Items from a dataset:

# # #

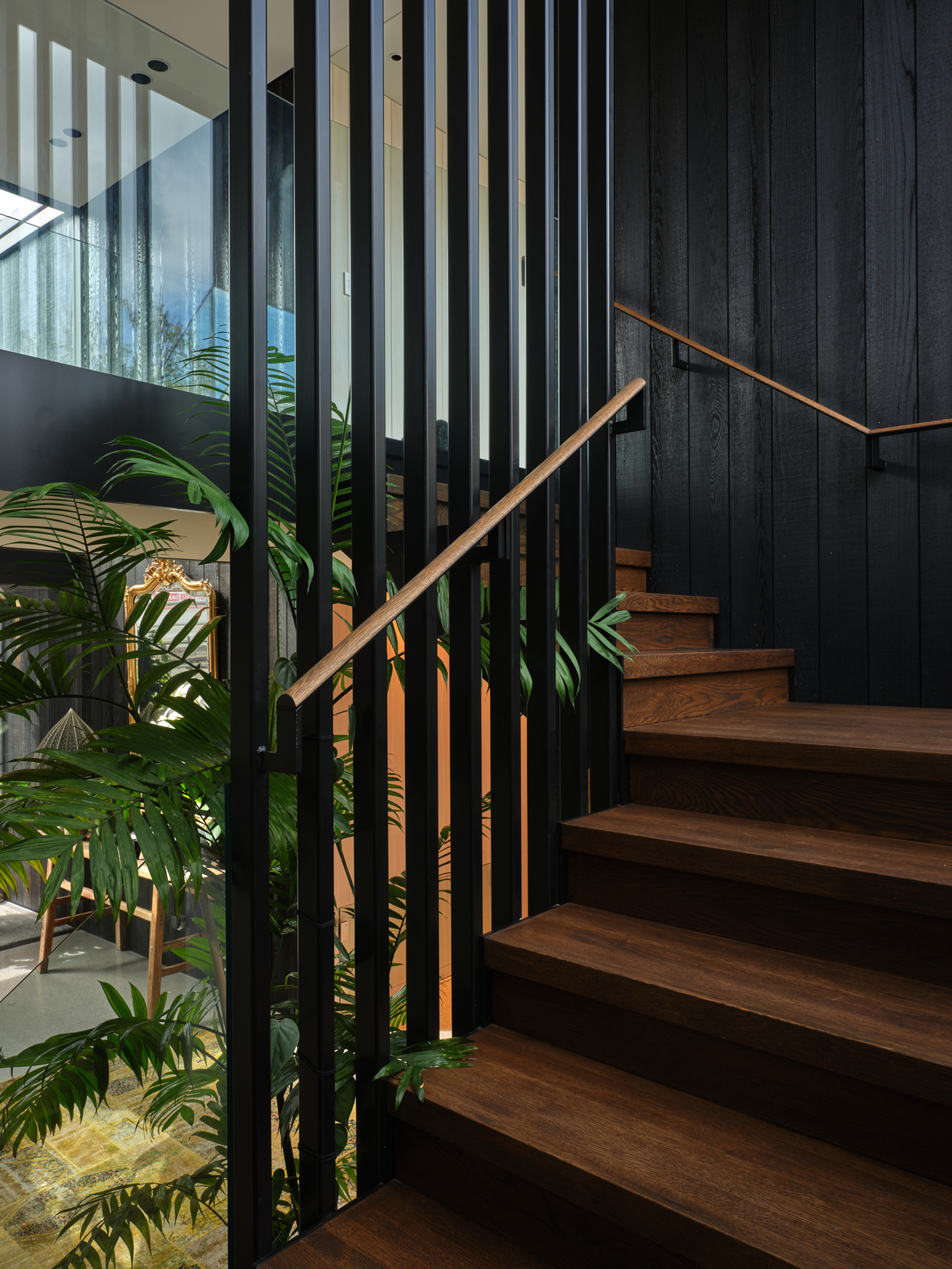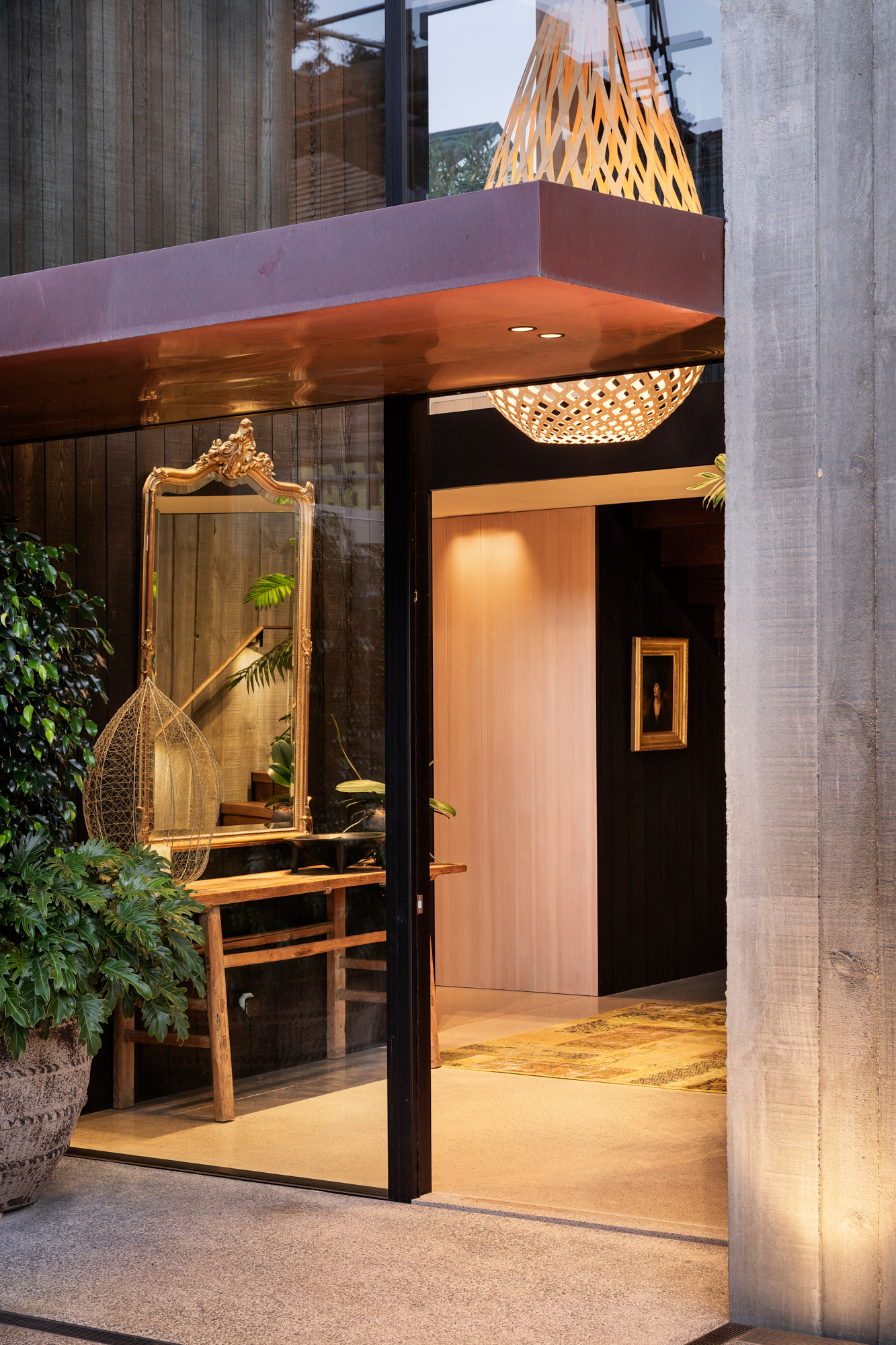 In the double-height entry atrium, a staircase zigzags through the void to a mezzanine bridge, and a palm in a sunken planter speaks to the greenery beyond the glazing. The natural tug is to turn left towards the sea, and a central hallway with a sloping ramp — a homage to the original home — delivers a snatch of the view.
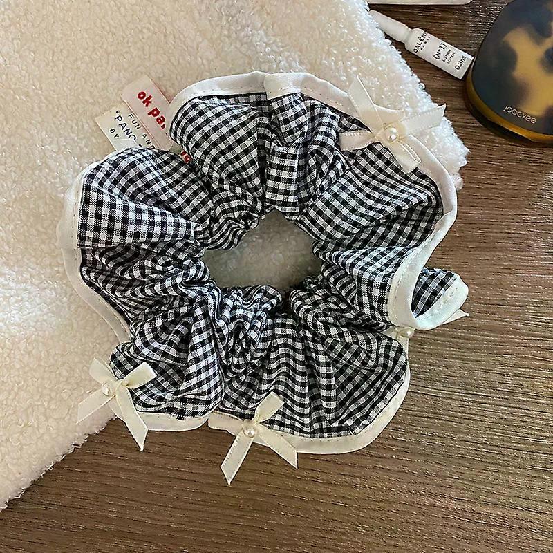 Women Large Scrunchies Black White Checked Plaid Scrunchie Ponytail Holder Tie Hair Hoop Scrunchy Rubber Band Hair Accessories
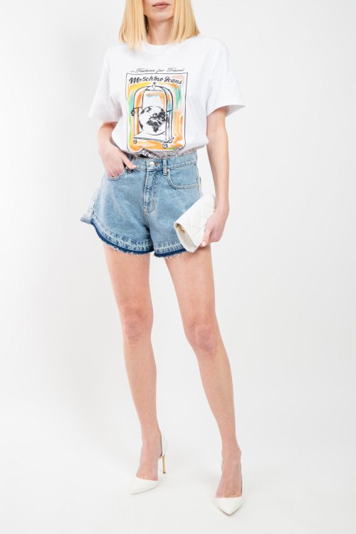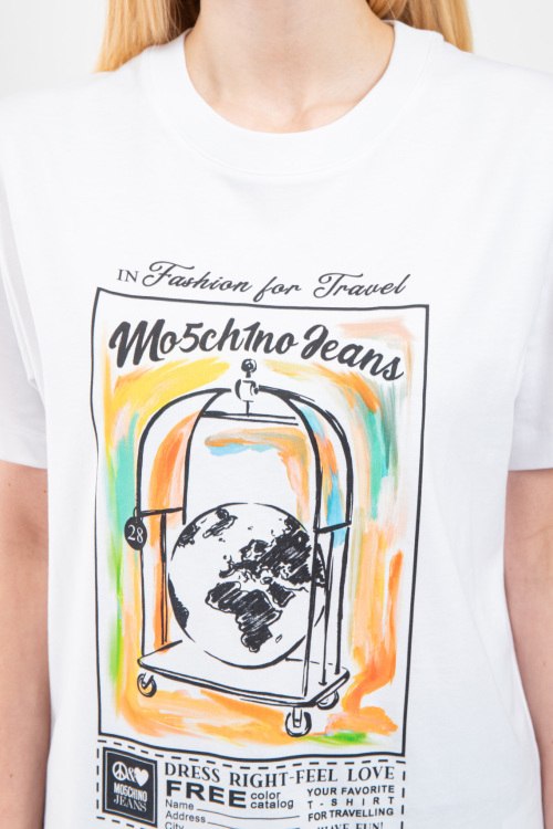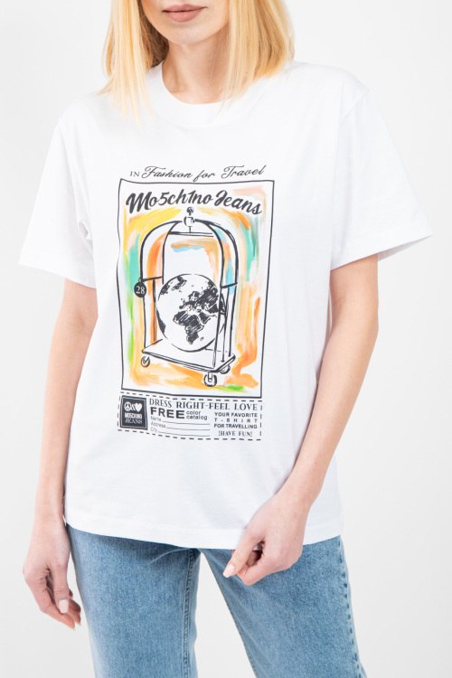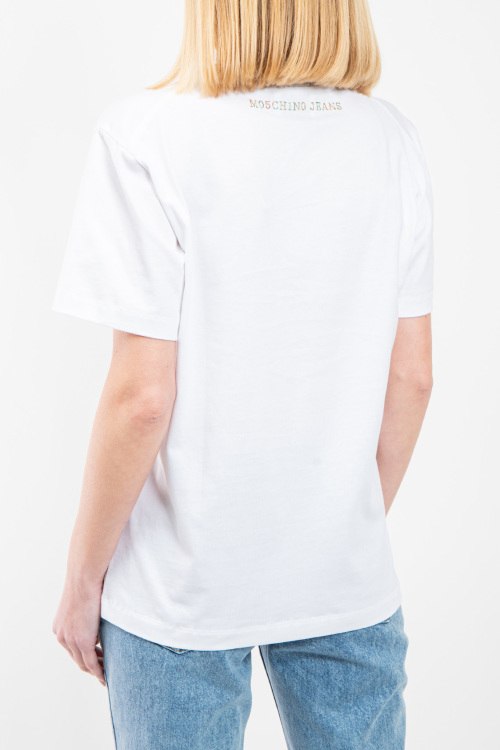 Женская белая футболка из хлопка от Moschino (Москино). Классическая длина, круглый вырез горловины, короткие рукава, модель декорирована принтом с логотипом бренда.
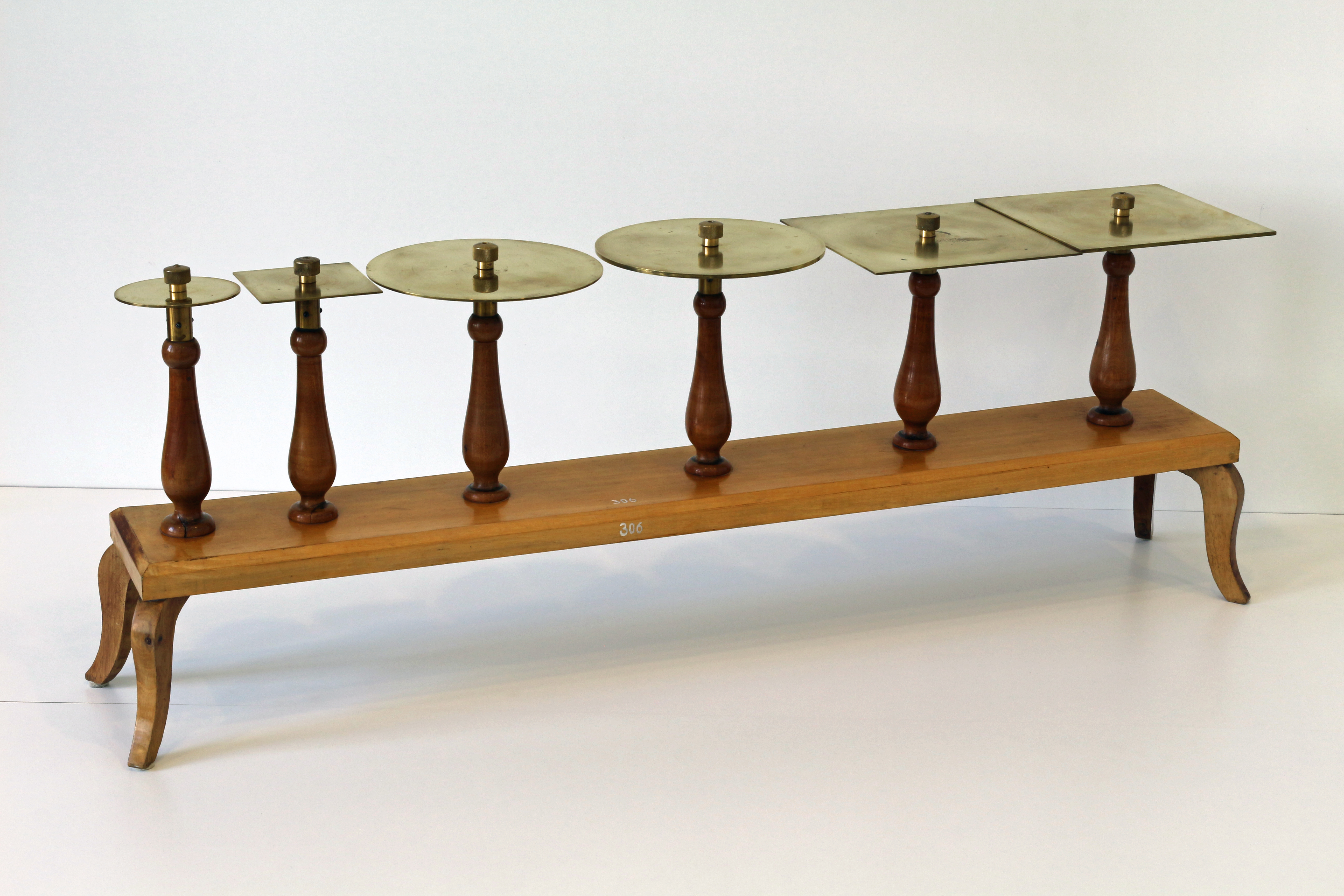 6 Stück Messingplatten unterschiedlicher Form und Dicke auf Holzgestell. Datierung: vor 1909.
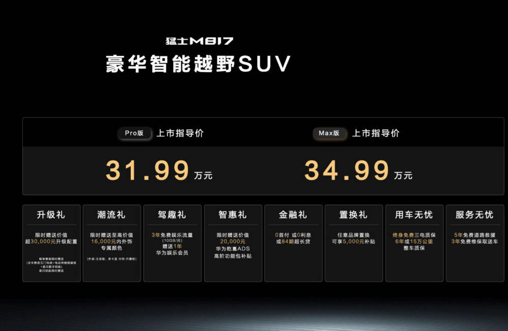 8月17日,猛士M817正式上市。新车共带来2款配置,售价分别为31.99-34.99万元。这个价格应该比此前大部分人预期的都要低,很多人之前一直猜测M817起售价也得奔着40万去,而今天看来,M817就是台理想L7的价格,从智能化到硬派SUV定来看,M817将对坦克500、豹8这样的车型发起冲击,目前来看卖相真心不错。华为乾崑ADS 4智驾和鸿蒙座舱5绝对是两大核心卖点。
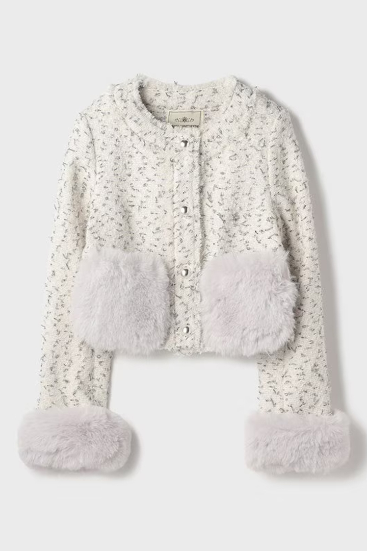 ポケットと袖口に添えたボリュームのあるふわふわのファーがポイントです。

# # #

Please output the data above exactly as given, omitting every picture.

 In the double-height entry atrium, a staircase zigzags through the void to a mezzanine bridge, and a palm in a sunken planter speaks to the greenery beyond the glazing. The natural tug is to turn left towards the sea, and a central hallway with a sloping ramp — a homage to the original home — delivers a snatch of the view.
 Women Large Scrunchies Black White Checked Plaid Scrunchie Ponytail Holder Tie Hair Hoop Scrunchy Rubber Band Hair Accessories
 Женская белая футболка из хлопка от Moschino (Москино). Классическая длина, круглый вырез горловины, короткие рукава, модель декорирована принтом с логотипом бренда.
 6 Stück Messingplatten unterschiedlicher Form und Dicke auf Holzgestell. Datierung: vor 1909.
 8月17日,猛士M817正式上市。新车共带来2款配置,售价分别为31.99-34.99万元。这个价格应该比此前大部分人预期的都要低,很多人之前一直猜测M817起售价也得奔着40万去,而今天看来,M817就是台理想L7的价格,从智能化到硬派SUV定来看,M817将对坦克500、豹8这样的车型发起冲击,目前来看卖相真心不错。华为乾崑ADS 4智驾和鸿蒙座舱5绝对是两大核心卖点。
 ポケットと袖口に添えたボリュームのあるふわふわのファーがポイントです。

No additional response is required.